TASK ITEM:
Transcribe the records that follow in their entirety, omitting any pictures.

Items from a dataset
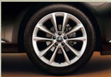
Jantes en alliage, 7,5 J x 18 et 8 J x 18, 5 doubles branches, pneus 225/45 R 18 ou 235/45 R 18 (PZW/PZK). En option sur Enjoy, Sport et Cosmo.
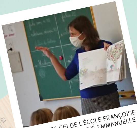
12.12.20. LES CEI DE L'ÉCOLE FRANÇOISE DOLTO ONT RENCONTRÉ EMMANUELLE HOUSSAIS, ILLUSTRATRICE.
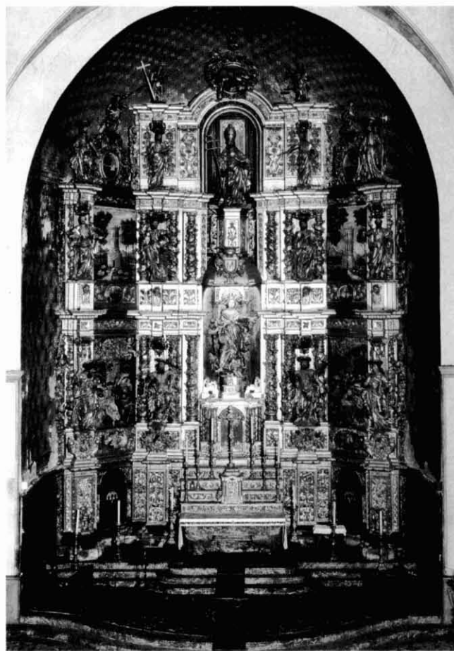
3. Retaule major de la Mare de Déu dels Àngels de Cotlliure (1698-1702).
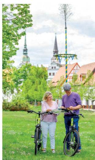
Radtour in Elbe-Elster-Land

Die frischen Produkte von Erzeugern aus der Region oder die bodenständigen Gerichte in den Gasthöfen lassen den abwechslungsreichen Tag gesund und genussvoll ausklingen.
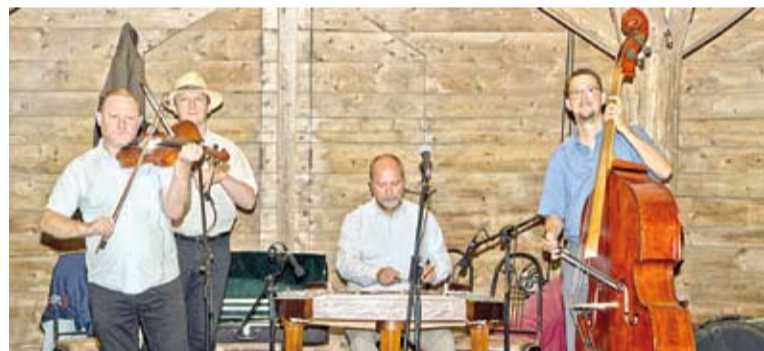
Ismét visszatért a Tükrös Zenekar a Tékába
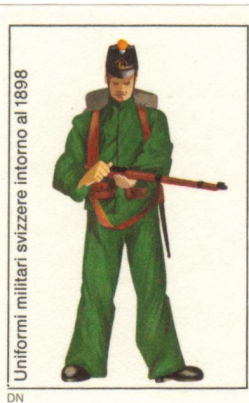
Uniformi militari svizzere intorno al 1898
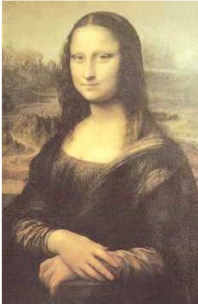
La Gioconda. Símbolo de la Madre Divina
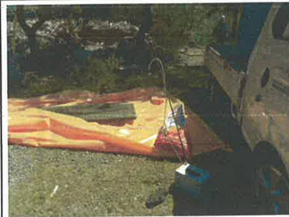
#5 폐기물 반출구
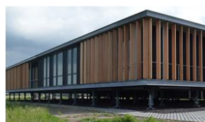
Energie Kenniscentrum Leeuwarden
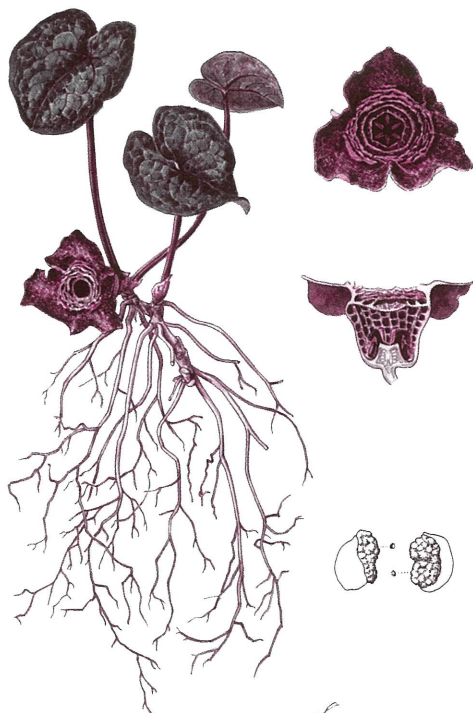
タマノカンアオイ

日本の固有植物の多くは限られた地域でのみ生きており、絶滅危惧植物に指定されているものも少なくありません。これらの植物の日本での絶滅は地球上からの絶滅を意味します。私たち日本人にとって、これらの植物は大切な宝といえるでしょう。
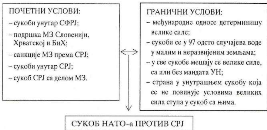
Однос почетних и граничних услова
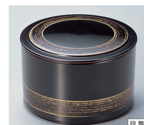
8-356-11 TA 筒型飯器 黒かすり内朱 W-7-97 ¥1,700 (11.5φ×7.6・内寸10.7φ×6) 楕100 500cc
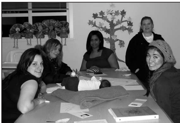
Harrington House Women’s Justice Circle participants.

S outh Park—A group of women from Campaña Quetzal, leaders in the Latino community, who have been working to increase parent engagement in the schools never imagined what powerful
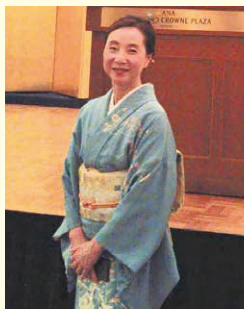
上京区民新春の集い

みなさんの温かいご支援で市会議員6期目、最後の年を迎えることができたことに深く感謝いたします。年始の会で、「株価高、なんの恩恵もない」の声を聴きます。市民の願いに応える政治の転換がまったなしです。 ウラ金や国保税逃れと無縁な政治の実現に力を尽くします。 来春には府政をチェックする立場で憲法を活かし、いのちと暮らし、平和を守る運動をみなさんと一緒にすすめていけるよう頑張りたいと思います。
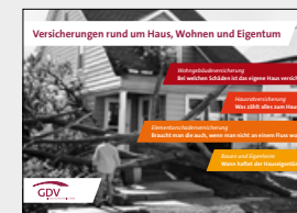
Versicherungen rund um Haus, Wohnen und Eigentum

EXERCISE RESPONSE:
Jantes en alliage, 7,5 J x 18 et 8 J x 18, 5 doubles branches, pneus 225/45 R 18 ou 235/45 R 18 (PZW/PZK). En option sur Enjoy, Sport et Cosmo.
12.12.20. LES CEI DE L'ÉCOLE FRANÇOISE DOLTO ONT RENCONTRÉ EMMANUELLE HOUSSAIS, ILLUSTRATRICE.
3. Retaule major de la Mare de Déu dels Àngels de Cotlliure (1698-1702).
Radtour in Elbe-Elster-Land

Die frischen Produkte von Erzeugern aus der Region oder die bodenständigen Gerichte in den Gasthöfen lassen den abwechslungsreichen Tag gesund und genussvoll ausklingen.
Ismét visszatért a Tükrös Zenekar a Tékába
Uniformi militari svizzere intorno al 1898
La Gioconda. Símbolo de la Madre Divina
#5 폐기물 반출구
Energie Kenniscentrum Leeuwarden
タマノカンアオイ

日本の固有植物の多くは限られた地域でのみ生きており、絶滅危惧植物に指定されているものも少なくありません。これらの植物の日本での絶滅は地球上からの絶滅を意味します。私たち日本人にとって、これらの植物は大切な宝といえるでしょう。
Однос почетних и граничних услова
8-356-11 TA 筒型飯器 黒かすり内朱 W-7-97 ¥1,700 (11.5φ×7.6・内寸10.7φ×6) 楕100 500cc
Harrington House Women’s Justice Circle participants.

S outh Park—A group of women from Campaña Quetzal, leaders in the Latino community, who have been working to increase parent engagement in the schools never imagined what powerful
上京区民新春の集い

みなさんの温かいご支援で市会議員6期目、最後の年を迎えることができたことに深く感謝いたします。年始の会で、「株価高、なんの恩恵もない」の声を聴きます。市民の願いに応える政治の転換がまったなしです。 ウラ金や国保税逃れと無縁な政治の実現に力を尽くします。 来春には府政をチェックする立場で憲法を活かし、いのちと暮らし、平和を守る運動をみなさんと一緒にすすめていけるよう頑張りたいと思います。
Versicherungen rund um Haus, Wohnen und Eigentum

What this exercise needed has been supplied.